## WORK INSTRUCTION
Type the entries again, word for word.

(Stored data entries)
______

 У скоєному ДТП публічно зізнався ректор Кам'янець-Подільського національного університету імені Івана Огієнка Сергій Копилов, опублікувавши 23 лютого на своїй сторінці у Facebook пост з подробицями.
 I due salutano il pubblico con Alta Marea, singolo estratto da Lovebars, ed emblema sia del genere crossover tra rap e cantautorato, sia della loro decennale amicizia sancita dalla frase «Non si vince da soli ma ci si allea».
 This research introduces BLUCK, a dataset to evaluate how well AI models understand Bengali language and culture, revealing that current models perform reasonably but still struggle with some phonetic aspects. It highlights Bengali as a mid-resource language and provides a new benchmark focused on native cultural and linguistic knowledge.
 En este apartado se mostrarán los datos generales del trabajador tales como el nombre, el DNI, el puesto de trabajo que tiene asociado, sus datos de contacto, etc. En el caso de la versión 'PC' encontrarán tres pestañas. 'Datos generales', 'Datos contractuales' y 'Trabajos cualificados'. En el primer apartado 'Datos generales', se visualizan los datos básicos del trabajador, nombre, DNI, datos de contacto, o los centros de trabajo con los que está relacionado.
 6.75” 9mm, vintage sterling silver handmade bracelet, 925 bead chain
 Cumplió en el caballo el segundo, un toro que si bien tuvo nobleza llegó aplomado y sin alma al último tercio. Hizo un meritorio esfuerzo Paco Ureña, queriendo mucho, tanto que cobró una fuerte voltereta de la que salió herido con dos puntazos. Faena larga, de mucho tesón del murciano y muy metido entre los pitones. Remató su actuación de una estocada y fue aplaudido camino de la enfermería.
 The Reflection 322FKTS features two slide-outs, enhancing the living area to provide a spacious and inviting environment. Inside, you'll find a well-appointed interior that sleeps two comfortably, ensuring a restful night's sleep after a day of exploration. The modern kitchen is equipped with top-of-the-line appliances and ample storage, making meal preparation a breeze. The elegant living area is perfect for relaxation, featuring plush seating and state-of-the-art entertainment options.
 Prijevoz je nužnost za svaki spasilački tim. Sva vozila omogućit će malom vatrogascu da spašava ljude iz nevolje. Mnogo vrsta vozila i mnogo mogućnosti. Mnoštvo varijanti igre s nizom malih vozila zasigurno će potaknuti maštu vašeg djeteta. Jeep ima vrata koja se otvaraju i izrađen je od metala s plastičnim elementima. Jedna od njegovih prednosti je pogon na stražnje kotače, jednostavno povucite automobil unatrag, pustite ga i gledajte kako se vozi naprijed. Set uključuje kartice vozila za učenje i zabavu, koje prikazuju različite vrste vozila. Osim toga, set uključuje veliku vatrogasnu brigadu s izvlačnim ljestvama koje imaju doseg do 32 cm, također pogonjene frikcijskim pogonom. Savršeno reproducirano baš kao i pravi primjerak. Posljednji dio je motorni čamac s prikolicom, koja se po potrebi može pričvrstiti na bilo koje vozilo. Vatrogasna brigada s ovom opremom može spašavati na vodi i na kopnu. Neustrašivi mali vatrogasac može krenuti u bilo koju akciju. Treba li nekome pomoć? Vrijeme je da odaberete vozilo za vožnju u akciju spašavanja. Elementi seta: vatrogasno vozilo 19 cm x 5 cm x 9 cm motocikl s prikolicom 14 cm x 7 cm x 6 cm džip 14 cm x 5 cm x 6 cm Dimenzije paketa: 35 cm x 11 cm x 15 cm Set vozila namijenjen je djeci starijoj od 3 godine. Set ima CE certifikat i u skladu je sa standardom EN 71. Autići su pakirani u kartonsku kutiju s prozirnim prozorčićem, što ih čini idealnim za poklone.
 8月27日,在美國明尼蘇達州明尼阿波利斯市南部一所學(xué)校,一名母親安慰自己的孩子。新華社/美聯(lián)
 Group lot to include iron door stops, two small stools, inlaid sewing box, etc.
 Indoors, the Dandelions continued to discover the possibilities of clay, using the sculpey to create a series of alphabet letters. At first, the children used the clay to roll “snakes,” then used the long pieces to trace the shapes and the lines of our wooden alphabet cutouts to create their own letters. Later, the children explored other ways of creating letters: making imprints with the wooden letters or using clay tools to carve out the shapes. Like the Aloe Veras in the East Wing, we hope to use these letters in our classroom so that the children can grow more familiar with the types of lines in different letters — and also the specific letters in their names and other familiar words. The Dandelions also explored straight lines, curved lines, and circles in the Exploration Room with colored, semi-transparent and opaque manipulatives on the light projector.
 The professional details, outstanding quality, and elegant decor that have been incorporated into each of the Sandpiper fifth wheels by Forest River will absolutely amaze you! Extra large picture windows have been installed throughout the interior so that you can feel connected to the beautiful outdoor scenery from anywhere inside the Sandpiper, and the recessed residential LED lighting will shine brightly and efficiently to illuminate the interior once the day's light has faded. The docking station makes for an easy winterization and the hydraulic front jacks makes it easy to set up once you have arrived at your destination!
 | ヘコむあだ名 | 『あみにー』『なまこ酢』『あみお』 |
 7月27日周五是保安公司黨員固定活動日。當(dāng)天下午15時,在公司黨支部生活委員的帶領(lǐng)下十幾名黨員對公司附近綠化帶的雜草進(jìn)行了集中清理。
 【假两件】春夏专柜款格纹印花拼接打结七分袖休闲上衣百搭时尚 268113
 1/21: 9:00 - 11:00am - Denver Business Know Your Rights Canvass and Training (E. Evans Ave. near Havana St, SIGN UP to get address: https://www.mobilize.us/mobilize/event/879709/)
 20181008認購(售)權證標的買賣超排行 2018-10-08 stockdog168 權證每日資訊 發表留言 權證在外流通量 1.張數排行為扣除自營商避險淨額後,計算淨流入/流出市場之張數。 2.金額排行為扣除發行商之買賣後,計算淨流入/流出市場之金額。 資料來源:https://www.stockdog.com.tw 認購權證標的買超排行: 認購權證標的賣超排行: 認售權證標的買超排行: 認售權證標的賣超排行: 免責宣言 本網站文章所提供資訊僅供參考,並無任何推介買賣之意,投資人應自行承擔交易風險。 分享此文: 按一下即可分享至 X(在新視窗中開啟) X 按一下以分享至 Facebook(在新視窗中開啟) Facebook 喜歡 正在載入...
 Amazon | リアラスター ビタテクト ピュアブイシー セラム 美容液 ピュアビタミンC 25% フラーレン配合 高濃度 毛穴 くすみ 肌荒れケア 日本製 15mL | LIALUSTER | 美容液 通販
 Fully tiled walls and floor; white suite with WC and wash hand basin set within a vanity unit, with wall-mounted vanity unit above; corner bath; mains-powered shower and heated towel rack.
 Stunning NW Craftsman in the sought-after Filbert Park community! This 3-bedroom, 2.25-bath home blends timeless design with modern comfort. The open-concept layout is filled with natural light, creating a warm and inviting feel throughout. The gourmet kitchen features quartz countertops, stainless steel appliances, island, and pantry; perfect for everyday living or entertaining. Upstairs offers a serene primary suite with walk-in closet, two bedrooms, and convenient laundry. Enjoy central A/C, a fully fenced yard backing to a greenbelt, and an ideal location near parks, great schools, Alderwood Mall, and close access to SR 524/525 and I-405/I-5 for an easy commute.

______

## EXPECTED ANSWER
 У скоєному ДТП публічно зізнався ректор Кам'янець-Подільського національного університету імені Івана Огієнка Сергій Копилов, опублікувавши 23 лютого на своїй сторінці у Facebook пост з подробицями.
 I due salutano il pubblico con Alta Marea, singolo estratto da Lovebars, ed emblema sia del genere crossover tra rap e cantautorato, sia della loro decennale amicizia sancita dalla frase «Non si vince da soli ma ci si allea».
 This research introduces BLUCK, a dataset to evaluate how well AI models understand Bengali language and culture, revealing that current models perform reasonably but still struggle with some phonetic aspects. It highlights Bengali as a mid-resource language and provides a new benchmark focused on native cultural and linguistic knowledge.
 En este apartado se mostrarán los datos generales del trabajador tales como el nombre, el DNI, el puesto de trabajo que tiene asociado, sus datos de contacto, etc. En el caso de la versión 'PC' encontrarán tres pestañas. 'Datos generales', 'Datos contractuales' y 'Trabajos cualificados'. En el primer apartado 'Datos generales', se visualizan los datos básicos del trabajador, nombre, DNI, datos de contacto, o los centros de trabajo con los que está relacionado.
 6.75” 9mm, vintage sterling silver handmade bracelet, 925 bead chain
 Cumplió en el caballo el segundo, un toro que si bien tuvo nobleza llegó aplomado y sin alma al último tercio. Hizo un meritorio esfuerzo Paco Ureña, queriendo mucho, tanto que cobró una fuerte voltereta de la que salió herido con dos puntazos. Faena larga, de mucho tesón del murciano y muy metido entre los pitones. Remató su actuación de una estocada y fue aplaudido camino de la enfermería.
 The Reflection 322FKTS features two slide-outs, enhancing the living area to provide a spacious and inviting environment. Inside, you'll find a well-appointed interior that sleeps two comfortably, ensuring a restful night's sleep after a day of exploration. The modern kitchen is equipped with top-of-the-line appliances and ample storage, making meal preparation a breeze. The elegant living area is perfect for relaxation, featuring plush seating and state-of-the-art entertainment options.
 Prijevoz je nužnost za svaki spasilački tim. Sva vozila omogućit će malom vatrogascu da spašava ljude iz nevolje. Mnogo vrsta vozila i mnogo mogućnosti. Mnoštvo varijanti igre s nizom malih vozila zasigurno će potaknuti maštu vašeg djeteta. Jeep ima vrata koja se otvaraju i izrađen je od metala s plastičnim elementima. Jedna od njegovih prednosti je pogon na stražnje kotače, jednostavno povucite automobil unatrag, pustite ga i gledajte kako se vozi naprijed. Set uključuje kartice vozila za učenje i zabavu, koje prikazuju različite vrste vozila. Osim toga, set uključuje veliku vatrogasnu brigadu s izvlačnim ljestvama koje imaju doseg do 32 cm, također pogonjene frikcijskim pogonom. Savršeno reproducirano baš kao i pravi primjerak. Posljednji dio je motorni čamac s prikolicom, koja se po potrebi može pričvrstiti na bilo koje vozilo. Vatrogasna brigada s ovom opremom može spašavati na vodi i na kopnu. Neustrašivi mali vatrogasac može krenuti u bilo koju akciju. Treba li nekome pomoć? Vrijeme je da odaberete vozilo za vožnju u akciju spašavanja. Elementi seta: vatrogasno vozilo 19 cm x 5 cm x 9 cm motocikl s prikolicom 14 cm x 7 cm x 6 cm džip 14 cm x 5 cm x 6 cm Dimenzije paketa: 35 cm x 11 cm x 15 cm Set vozila namijenjen je djeci starijoj od 3 godine. Set ima CE certifikat i u skladu je sa standardom EN 71. Autići su pakirani u kartonsku kutiju s prozirnim prozorčićem, što ih čini idealnim za poklone.
 8月27日,在美國明尼蘇達州明尼阿波利斯市南部一所學(xué)校,一名母親安慰自己的孩子。新華社/美聯(lián)
 Group lot to include iron door stops, two small stools, inlaid sewing box, etc.
 Indoors, the Dandelions continued to discover the possibilities of clay, using the sculpey to create a series of alphabet letters. At first, the children used the clay to roll “snakes,” then used the long pieces to trace the shapes and the lines of our wooden alphabet cutouts to create their own letters. Later, the children explored other ways of creating letters: making imprints with the wooden letters or using clay tools to carve out the shapes. Like the Aloe Veras in the East Wing, we hope to use these letters in our classroom so that the children can grow more familiar with the types of lines in different letters — and also the specific letters in their names and other familiar words. The Dandelions also explored straight lines, curved lines, and circles in the Exploration Room with colored, semi-transparent and opaque manipulatives on the light projector.
 The professional details, outstanding quality, and elegant decor that have been incorporated into each of the Sandpiper fifth wheels by Forest River will absolutely amaze you! Extra large picture windows have been installed throughout the interior so that you can feel connected to the beautiful outdoor scenery from anywhere inside the Sandpiper, and the recessed residential LED lighting will shine brightly and efficiently to illuminate the interior once the day's light has faded. The docking station makes for an easy winterization and the hydraulic front jacks makes it easy to set up once you have arrived at your destination!
 | ヘコむあだ名 | 『あみにー』『なまこ酢』『あみお』 |
 7月27日周五是保安公司黨員固定活動日。當(dāng)天下午15時,在公司黨支部生活委員的帶領(lǐng)下十幾名黨員對公司附近綠化帶的雜草進(jìn)行了集中清理。
 【假两件】春夏专柜款格纹印花拼接打结七分袖休闲上衣百搭时尚 268113
 1/21: 9:00 - 11:00am - Denver Business Know Your Rights Canvass and Training (E. Evans Ave. near Havana St, SIGN UP to get address: https://www.mobilize.us/mobilize/event/879709/)
 20181008認購(售)權證標的買賣超排行 2018-10-08 stockdog168 權證每日資訊 發表留言 權證在外流通量 1.張數排行為扣除自營商避險淨額後,計算淨流入/流出市場之張數。 2.金額排行為扣除發行商之買賣後,計算淨流入/流出市場之金額。 資料來源:https://www.stockdog.com.tw 認購權證標的買超排行: 認購權證標的賣超排行: 認售權證標的買超排行: 認售權證標的賣超排行: 免責宣言 本網站文章所提供資訊僅供參考,並無任何推介買賣之意,投資人應自行承擔交易風險。 分享此文: 按一下即可分享至 X(在新視窗中開啟) X 按一下以分享至 Facebook(在新視窗中開啟) Facebook 喜歡 正在載入...
 Amazon | リアラスター ビタテクト ピュアブイシー セラム 美容液 ピュアビタミンC 25% フラーレン配合 高濃度 毛穴 くすみ 肌荒れケア 日本製 15mL | LIALUSTER | 美容液 通販
 Fully tiled walls and floor; white suite with WC and wash hand basin set within a vanity unit, with wall-mounted vanity unit above; corner bath; mains-powered shower and heated towel rack.
 Stunning NW Craftsman in the sought-after Filbert Park community! This 3-bedroom, 2.25-bath home blends timeless design with modern comfort. The open-concept layout is filled with natural light, creating a warm and inviting feel throughout. The gourmet kitchen features quartz countertops, stainless steel appliances, island, and pantry; perfect for everyday living or entertaining. Upstairs offers a serene primary suite with walk-in closet, two bedrooms, and convenient laundry. Enjoy central A/C, a fully fenced yard backing to a greenbelt, and an ideal location near parks, great schools, Alderwood Mall, and close access to SR 524/525 and I-405/I-5 for an easy commute.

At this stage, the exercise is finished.